The case also highlights the need to build a literature that helps practitioners decide what to test, when, and why.

Preventing exposure before emergencies

Dogs are opportunistic scavengers. Owners can cut risk by keeping pets leashed, watching for attempts to pick up unfamiliar items, and – when needed – using a basket muzzle during walks.

Reliable “leave it” and “drop it” cues can be lifesaving if a dog encounters dangerous substances.

And when exposure is suspected – or a pet is simply “not quite right” – immediate veterinary care is prudent, because minutes and hours often determine outcomes.

Case reports that save lives

In veterinary medicine, case reports serve an essential role. They capture the unusual and the emergent – the very scenarios large trials miss.

They also preserve the details future clinicians will look for when seconds matter. Over time, those reports seed better triage pathways, monitoring checklists, and treatment protocols.

A persistent misconception hampers care: that veterinarians will judge or report owners who admit a pet may have ingested illicit drugs.

However, according to Johnson, clinicians need accurate histories to save lives, not to assign blame. Honest, specific information – what, when, and how much – enables tailored treatment and closer monitoring for predictable complications.

Research priorities to advance care

Looking ahead, Johnson’s agenda centers on access. He calls for studies that simplify imaging so it can be performed with standard equipment.

He also advocates for cost-effective screening strategies that identify high-risk patients without expensive panels, along with pragmatic educational interventions that convert subspecialty knowledge into routine practice.

Johnson also pushes for comparative trials of lower-cost treatment protocols that achieve similar outcomes, structured training so general practitioners can perform basic specialty procedures, and wider use of telemedicine to bring specialist guidance into rural and resource-limited clinics in real time.
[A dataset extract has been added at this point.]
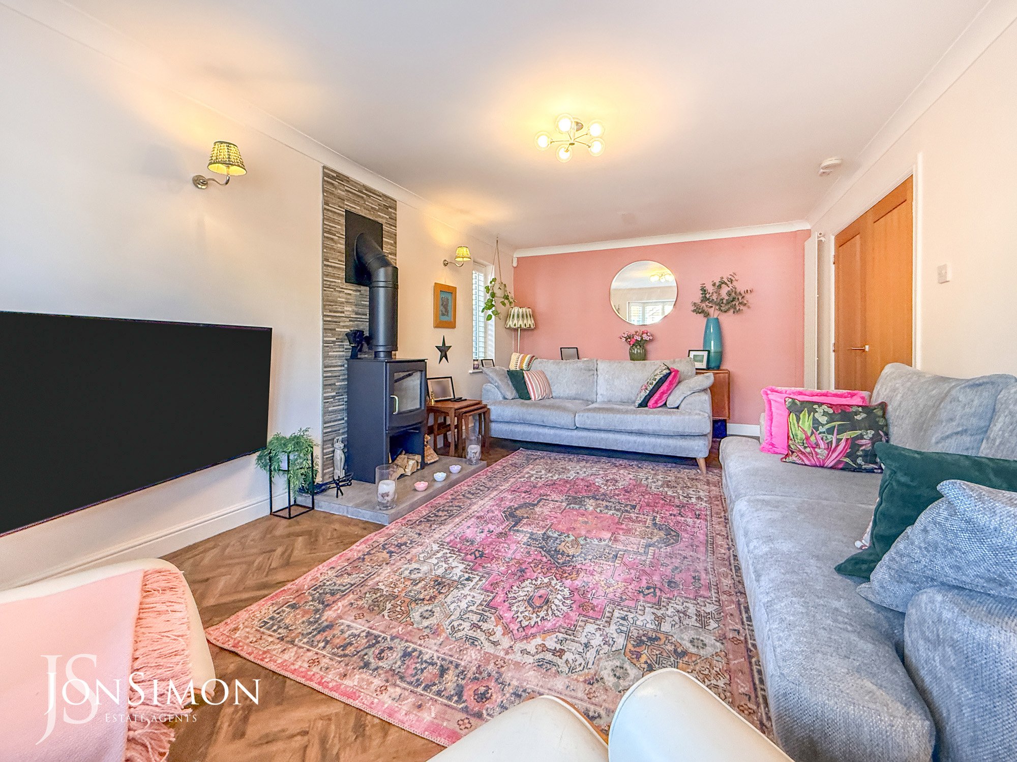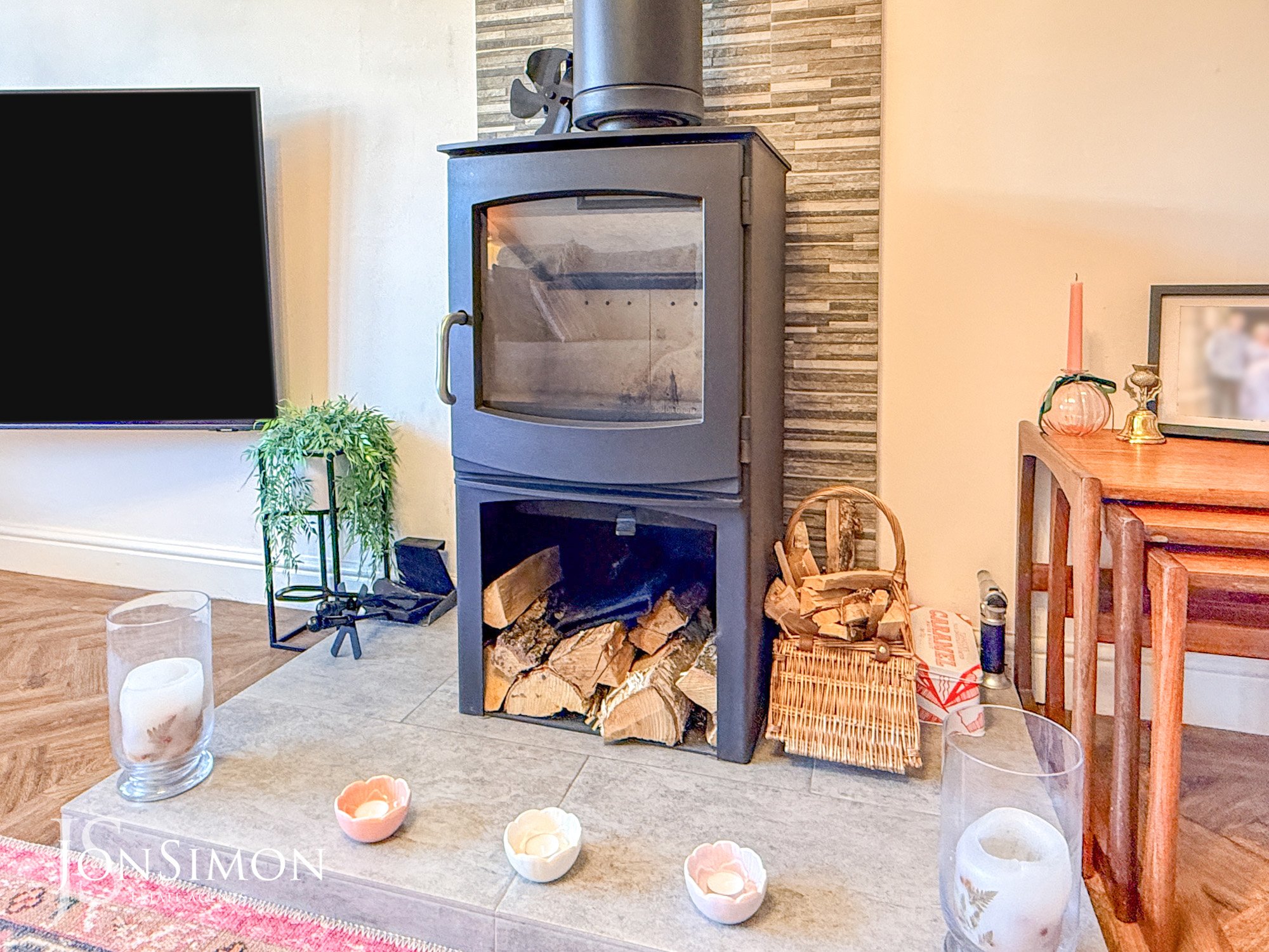 UPVC double glazed bay fronted window, UPVC double glazed side window, feature log burning stove, radiators, TV point, wall lights, ceiling coving and ceiling point.

The goal is to ensure that a dog in a small town has access to lifesaving options just as reliably as one treated in a metropolitan referral hospital.

Open science in veterinary care

Information only helps if people can access it. Removing paywalls and sharing protocols lets students and clinicians learn and apply cardiology principles with the tools they have, not just the tools they wish they had.
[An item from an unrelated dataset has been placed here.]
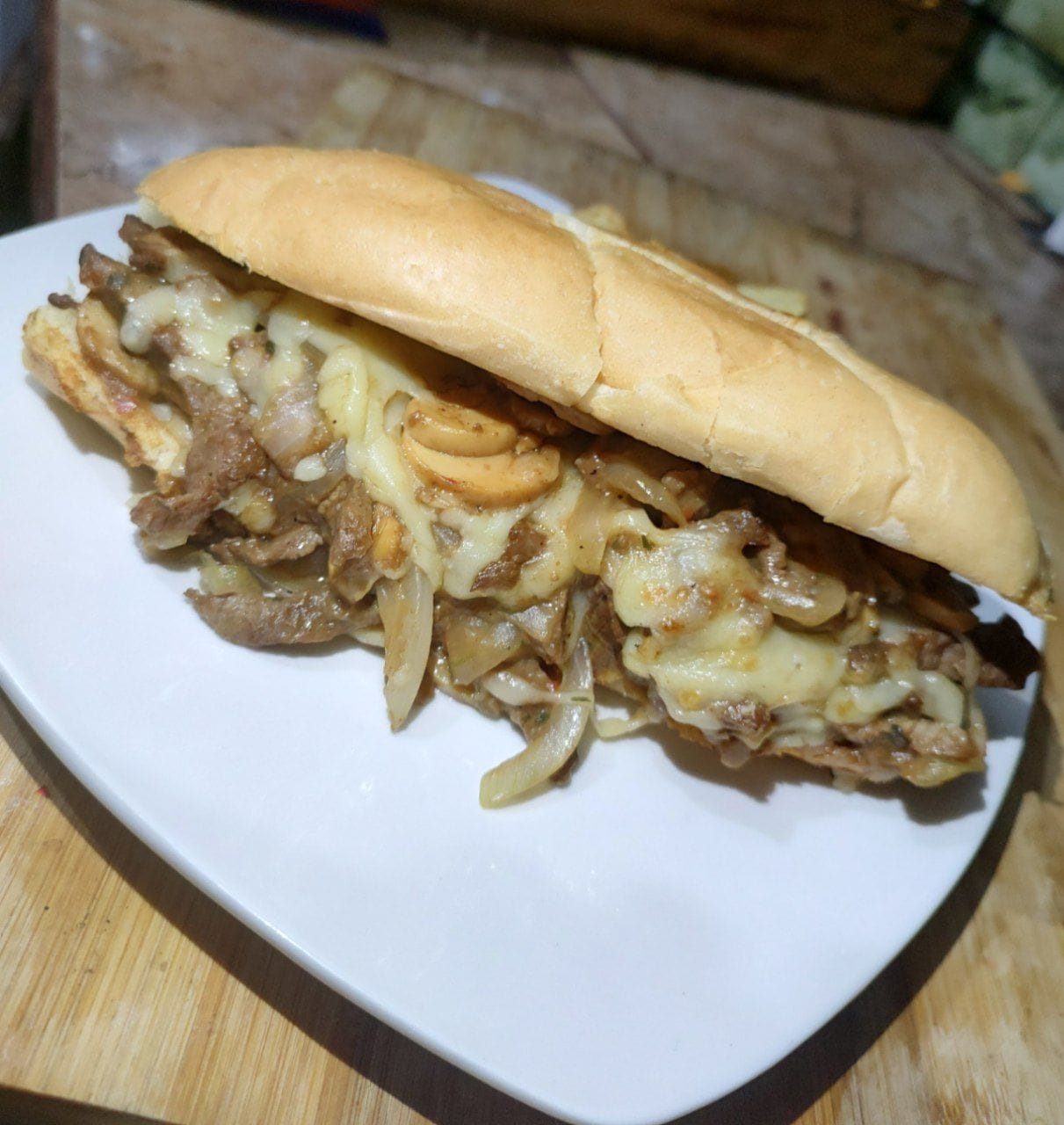 Pan baguette ,fajitas de pollo y hongos salteadas con cebolla y chile dulce , queso mozzarella fundido . acompañado de papas fritas

In Johnson’s model, publishing is a starting line, not a finish line – the real success is a colleague using that knowledge to stabilize a patient they might otherwise have lost.
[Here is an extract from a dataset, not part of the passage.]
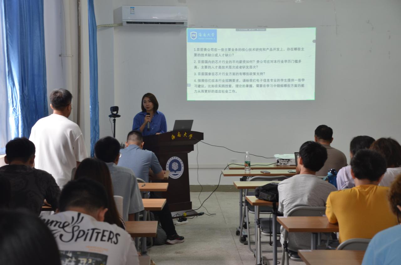 6月9日芯原微电子(海南)公司(以下简称芯原)受邀在学院314会议室举办了生产实习课程。2020级全体本科生参加课程,课程由芯原微电子(海南)公司人事部经理云玲主持,采取线上线下相结合的教学形式。
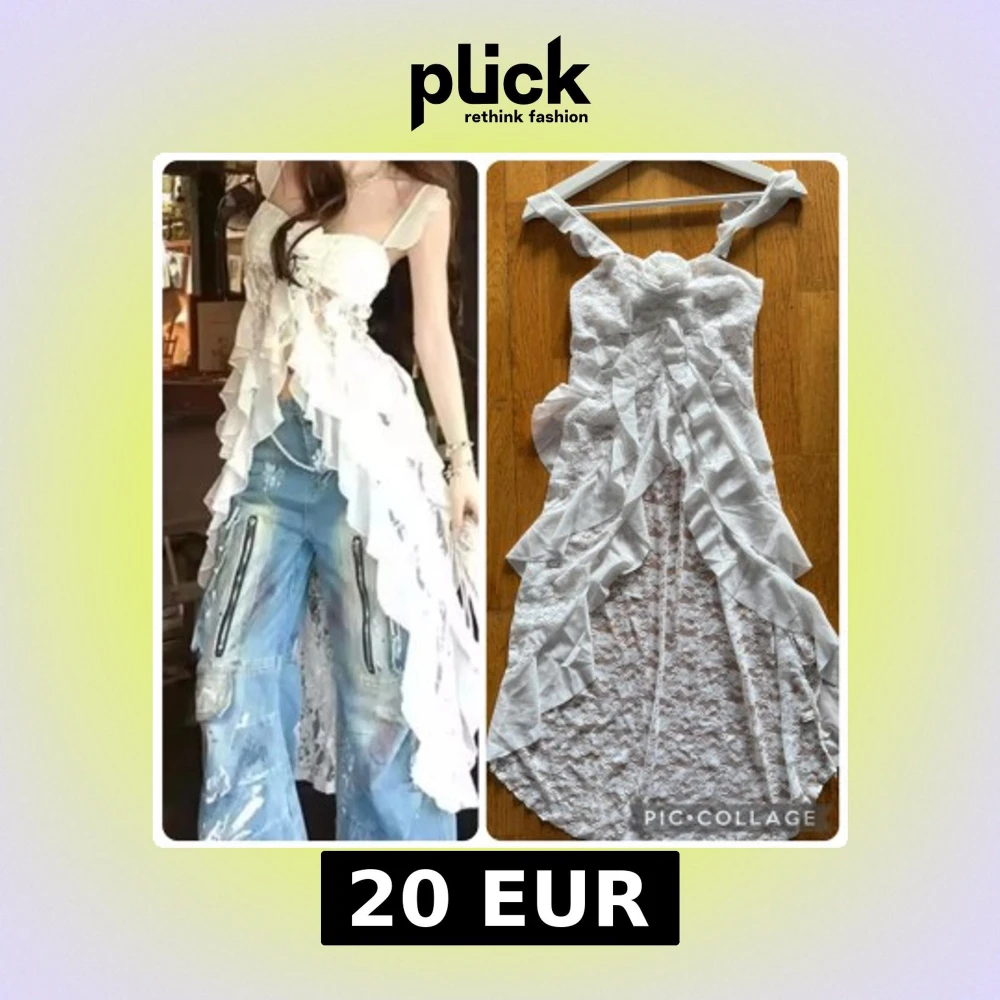 Supersöt vit klänning i spets med volanger längs hela framsidan och en stor tygros vid bysten. Klänningen har smala axelband, omlottkänsla och är längre bak än fram. Perfekt för dig som gillar romantisk och unik stil.

Across topics – from toxicosis to cardiology education – the constant is a One Health sensibility coupled with a practical streak.

Johnson’s work aims to move advanced concepts out of the seminar room and into exam rooms, ERs, and farmyards, where they can change outcomes today while building a stronger evidence base for tomorrow.

The case report of the dog ingesting cocaine is published in the journal Frontiers in Veterinary Science.